Harvest 2017: Wheat kicks off in Cambridgeshire with quality good
Winter wheat harvesting is kicking off in Cambridgeshire this week with grain quality looking good although very hot weather in June has trimmed yields.
Very early milling wheat crops were showing good protein and specific weights levels as the combines rolled across some light land in the county.
David White, farming between Cambridge and Newmarket on some sandy land, cut 14ha of the old milling wheat variety Solstice on Monday 17 July and reports protein levels of over 13% and a specific weight of 77-78kg/hl.
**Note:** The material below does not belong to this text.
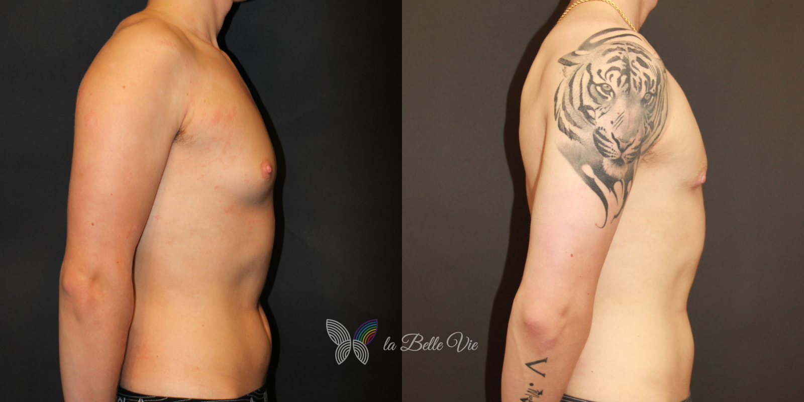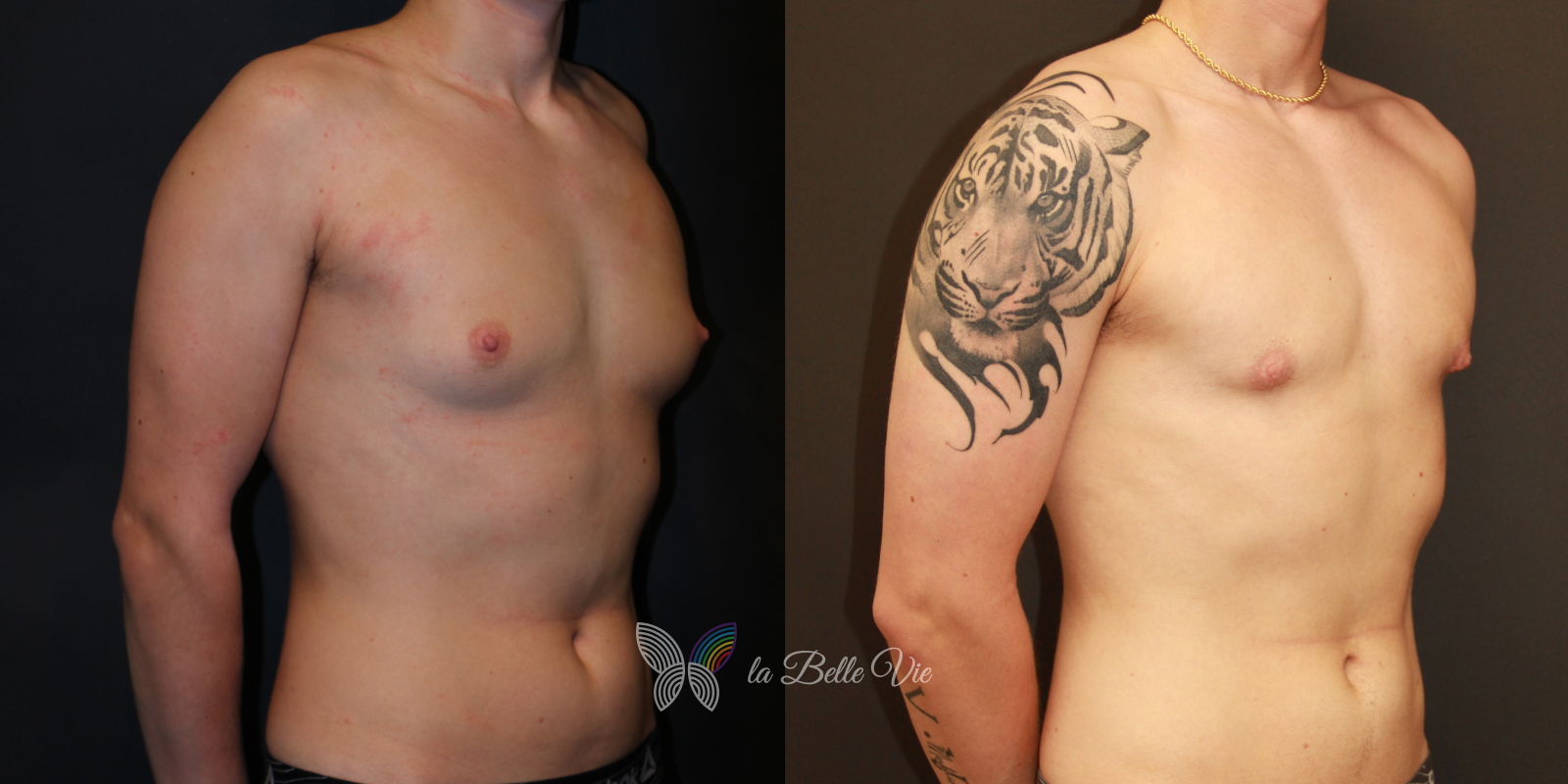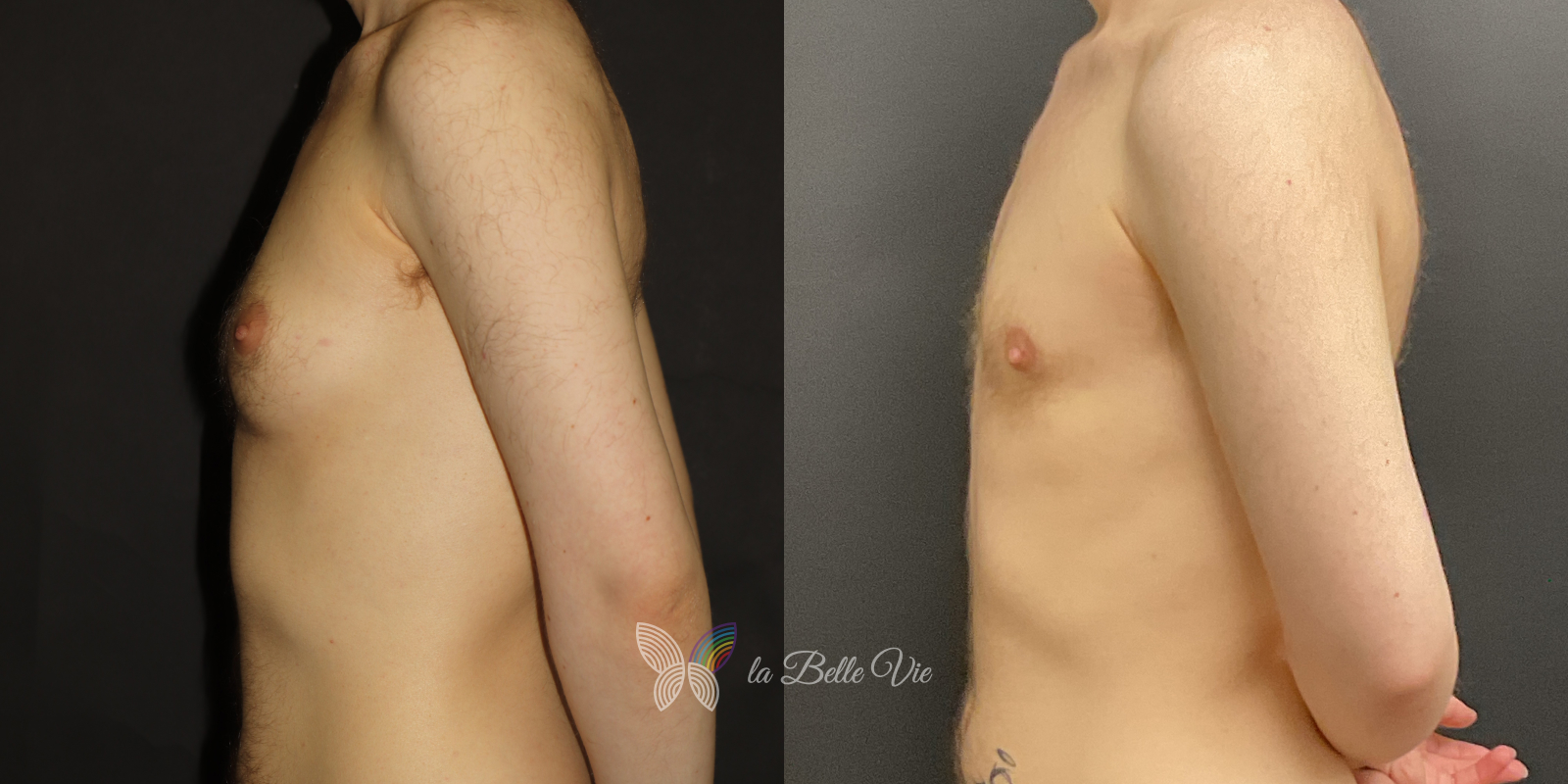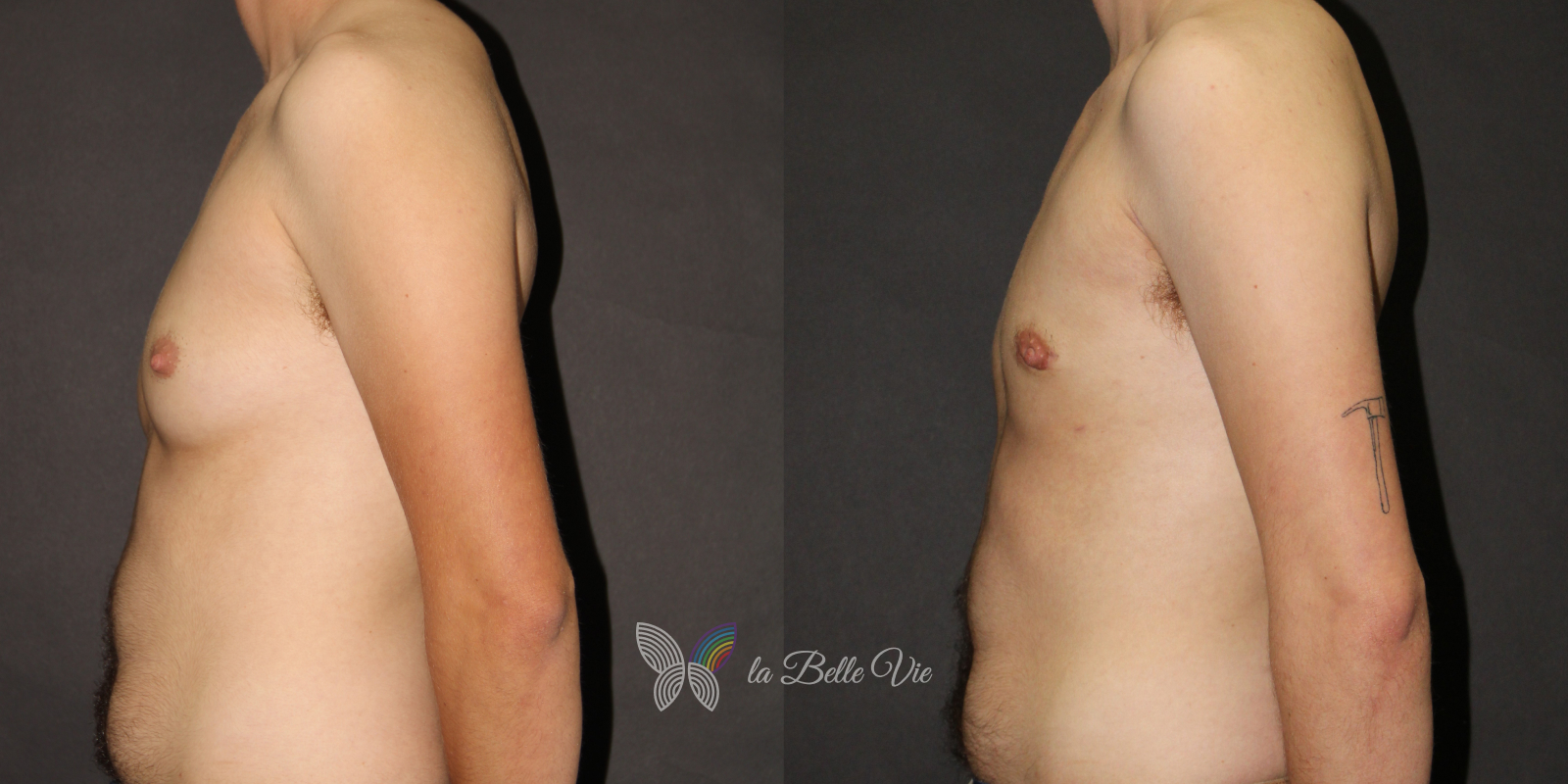 Before: The patient is 5 feet 4 inches tall, weighs 120 pounds, and has a body mass index (BMI) of 22.3. On examination, he presents with a small chest without ptosis. He has previously been on puberty blockers, which limited breast development; however, he is dissatisfied with the small feminine contour and desires removal.

See also: Harvest 2017: Dorset oilseed rape sees good yields
Yields were coming in at 8t/ha compared with the 9t/ha he would usually expect, and this lower yield was largely due to the very hot spell of weather in June.
“Quality is good, but there is not as much grain as we would have liked,” he told Farmers Weekly.
He moved into 8ha of the milling variety Crusoe on Monday night (17 July) with similar yields and quality to the Solstice.
He has 40-45ha of winter wheat to cut in total, and his remaining crop is on some fenland which will be later to mature.
Traditional milling wheat minimum industry standards are for protein of 13%, specific weight of 76kg/hl and a Hagberg level of 250.
On the other side of Cambridge, James Peck near Dry Drayton started cutting winter wheat for a neighbour on Monday (17 July), and is hoping to move into his own wheat on Thursday (20 July).
Down in Kent, James Loder-Symonds is set to start cutting his milling wheat Skyfall today, some two weeks earlier than normal, at a time he would normally be starting cutting oilseed rape.
He is moving into 70ha of second wheats at Nonington Farms between Canterbury and Dover on the edge of the North Downs after cutting 300ha of oilseed rape earlier this month.